(WHAT TO PRODUCE):
Pictures must not appear in the copy. Restate exactly the lines below from the one with "To further investigate" through the one with "A section of", inclusive.

(STUDY MATERIAL):

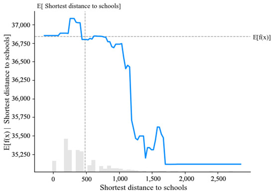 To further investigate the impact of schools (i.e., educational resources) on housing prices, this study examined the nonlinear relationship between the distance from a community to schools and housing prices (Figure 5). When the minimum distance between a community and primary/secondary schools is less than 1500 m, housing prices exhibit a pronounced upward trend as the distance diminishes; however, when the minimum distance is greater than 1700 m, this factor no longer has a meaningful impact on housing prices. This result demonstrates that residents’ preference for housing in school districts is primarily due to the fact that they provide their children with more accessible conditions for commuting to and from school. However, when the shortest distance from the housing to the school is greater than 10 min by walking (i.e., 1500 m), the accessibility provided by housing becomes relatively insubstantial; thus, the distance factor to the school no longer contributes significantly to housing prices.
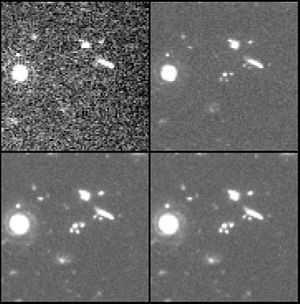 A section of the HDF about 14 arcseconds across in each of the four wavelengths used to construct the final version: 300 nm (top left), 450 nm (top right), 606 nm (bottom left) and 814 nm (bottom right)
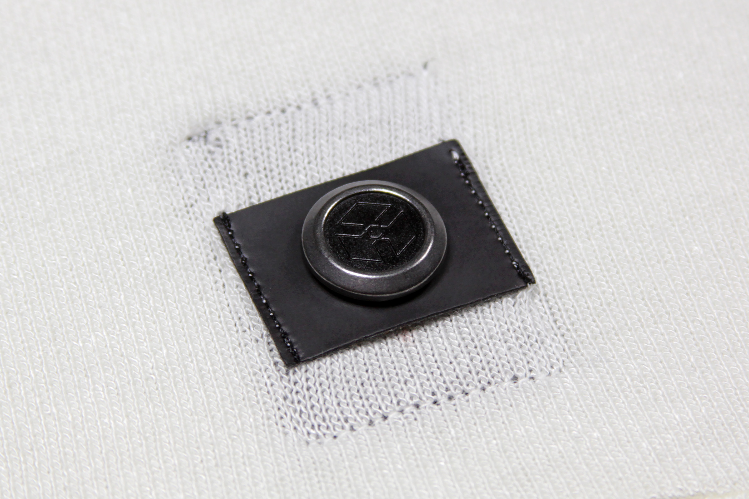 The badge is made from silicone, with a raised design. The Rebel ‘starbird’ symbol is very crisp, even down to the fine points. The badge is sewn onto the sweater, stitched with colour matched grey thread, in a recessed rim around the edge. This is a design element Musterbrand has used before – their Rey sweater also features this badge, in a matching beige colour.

==

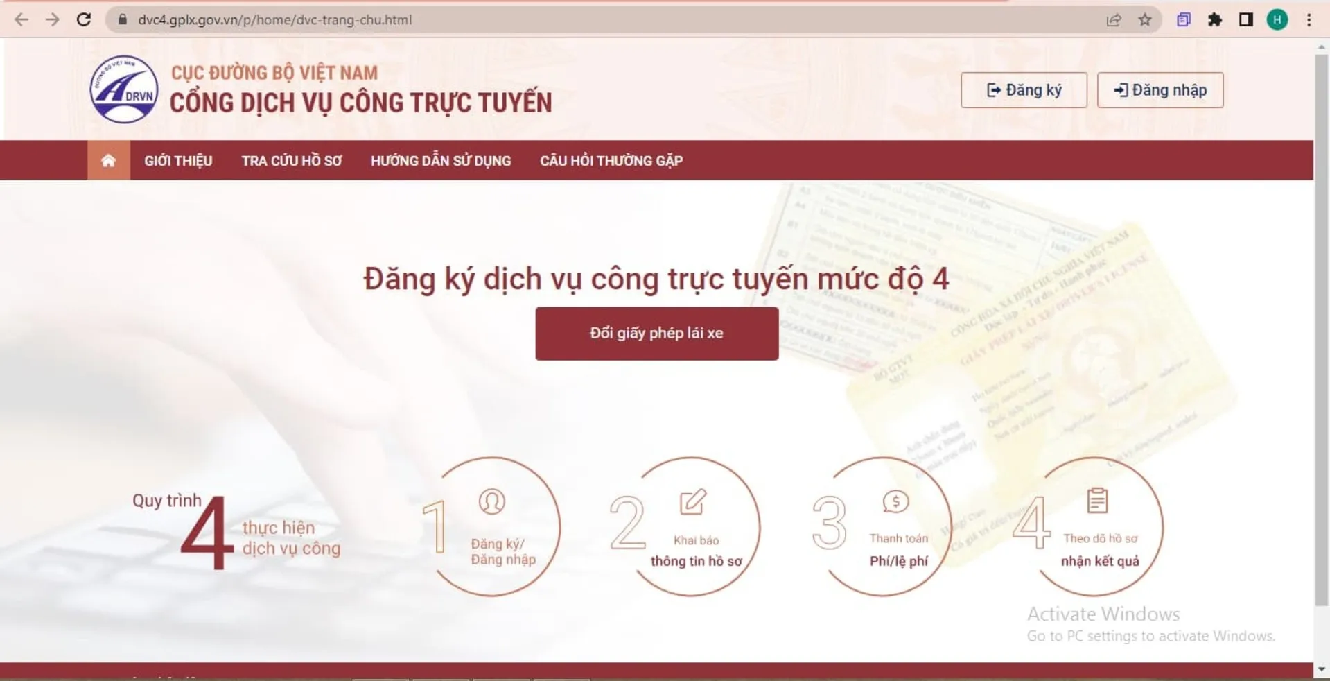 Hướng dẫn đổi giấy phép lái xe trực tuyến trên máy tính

(TASK RESPONSE):
 To further investigate the impact of schools (i.e., educational resources) on housing prices, this study examined the nonlinear relationship between the distance from a community to schools and housing prices (Figure 5). When the minimum distance between a community and primary/secondary schools is less than 1500 m, housing prices exhibit a pronounced upward trend as the distance diminishes; however, when the minimum distance is greater than 1700 m, this factor no longer has a meaningful impact on housing prices. This result demonstrates that residents’ preference for housing in school districts is primarily due to the fact that they provide their children with more accessible conditions for commuting to and from school. However, when the shortest distance from the housing to the school is greater than 10 min by walking (i.e., 1500 m), the accessibility provided by housing becomes relatively insubstantial; thus, the distance factor to the school no longer contributes significantly to housing prices.
 A section of the HDF about 14 arcseconds across in each of the four wavelengths used to construct the final version: 300 nm (top left), 450 nm (top right), 606 nm (bottom left) and 814 nm (bottom right)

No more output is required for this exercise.